- DVD cover
- Directed by: Kern Konwiser David Ren
- Written by: David Ren
- Produced by: Kip Konwiser
- Starring: Ken Leung Hayden Panettiere Kelly Hu
- Cinematography: Alexander Buono
- Edited by: Zene Baker
- Music by: David Kitay
- Distributed by: Anchor Bay Entertainment
- Release date: October 9, 2007;
- Running time: 106 minutes
- Country: United States
- Language: English

= Shanghai Kiss =

Shanghai Kiss is a 2007 direct-to-DVD film directed by Kern Konwiser and David Ren. It was released on DVD on October 9, 2007. Hayden Panettiere won the Feature Film Award at the Newport Beach Film Festival for her role as Adelaide.

Liam Liu (Ken Leung), a Chinese American actor dwelling in Los Angeles, unwittingly gets involved with a high school girl. He suddenly has to go to China after learning from his father that he has inherited his grandmother's home in Shanghai. He is not very appreciative of his Chinese roots and at first only wants to sell the house and get back to the U.S. as fast as possible. He gets a taste of Chinese customs after meeting a girl there and ends up having some big decisions to make.

==Plot==
Liam Liu is auditioning for a role in a toothpaste advertisement. He is rejected after some initial questions by the screeners because he is not considered "[East] Asian" enough. This begins a glimpse into the casting decision of Hollywood producers, who Liam believes heavily stereotype East Asian men to the point where it is difficult for them to land normal roles. Liam then takes a city bus home from the audition since his car is towed away, and there, he meets Adelaide Bourbon (Hayden Panettiere), a young, beautiful, high school student. During the ride home, Liam discovers that Adelaide has been sketching a picture of him. The two begin to converse and Adelaide sings Liam a song, whereupon they quickly become friends.

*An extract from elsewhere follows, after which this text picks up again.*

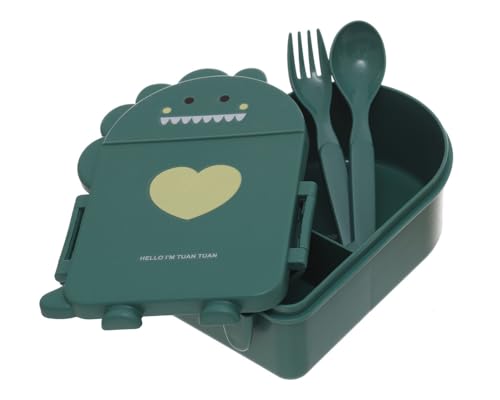 Generic - لانش بوكس محكم الغلق للأطفال والبالغين، مصنوع من البلاستيك ومقسم من الداخل مع ملعقة وشوكة، أخضر(جراس)

Liam feels guilt for becoming friends with such a young girl and Adelaide later asks Liam to go to the prom with her. He declines, and this serves as the basis for the many times that Liam feels guilty in having a budding friendship with such a young girl. His friend, Joe Silverman (Joel Moore), is one of the most vocal opponents of the "friendship", as Joe expresses his belief that no good can come out of what is developing between Liam and Adelaide.

During a scene early in the movie, Liam expresses his frustration in the stereotyping of East Asian men in Hollywood, since he himself is a struggling actor. Joe reminds Liam that it was Liam's decision to drop out of Columbia University to pursue a career in acting. In the "bar scene," as it is known, Joe challenges Liam to ask a Caucasian woman at the bar out. Liam rails against Joe and the woman at the bar, Georgia (Kathleen Lancaster), because she supposedly represents the superficiality and status-seeking of Hollywood and of Caucasian women in the U.S. in general. Still, Liam is attracted to Georgia and has been in several W.G.W.A.G. (White Girls With Asian Guys) relationships before in Hollywood. Liam ultimately takes Joe up on this bar bet and sits down next to Georgia. In a small period of time, he is able to charm Georgia, saying that her name represents Liam's "favorite Confederate state." The two sleep together, but Liam weeps after his father calls him while the two are having sex, ostensibly because Liam, while able to have sex with the woman he chose, feels pangs of emptiness from not being connected to his folk, and instead, being lured into the image of success represented by women such as Georgia.

After having sex with Georgia, Liam picks Adelaide up to take her to school. Liam is obviously conflicted as he connects with Adelaide on an intellectual level, but cannot get past the difference in their age. Liam then gets a call from his father in New York, informing him that Liam's grandmother has died and has left Liam a small house in Shanghai. Liam travels to Shanghai, promising to call Adelaide daily while he is there. Upon arrival, he is greeted by his cousin who speaks English and who has found an older couple to buy Liam's house for him. After spending a night out on the town with his cousin and a call girl named Amy (with whom he did not have sex), as well as an awkward late night call from Adelaide at his hotel, Liam goes to meet the buyers of his house. After seeing the view of Shanghai from the house, and being told that the house would sell for five hundred thousand yuan and not five hundred thousand U.S. dollars, Liam chooses not to sell the house. While at a bar, he meets Micki Yang (Kelly Hu). Micki is initially resistant to the charms of Liam, but the two slowly tour Shanghai doing things Liam has never done. Micki is still somewhat skeptical about Liam, since Liam is, in a sense, foreign in his home country and has never visited and knows little about his home-land. After spending the night together, Liam decides to move into his grandmother's house in Shanghai.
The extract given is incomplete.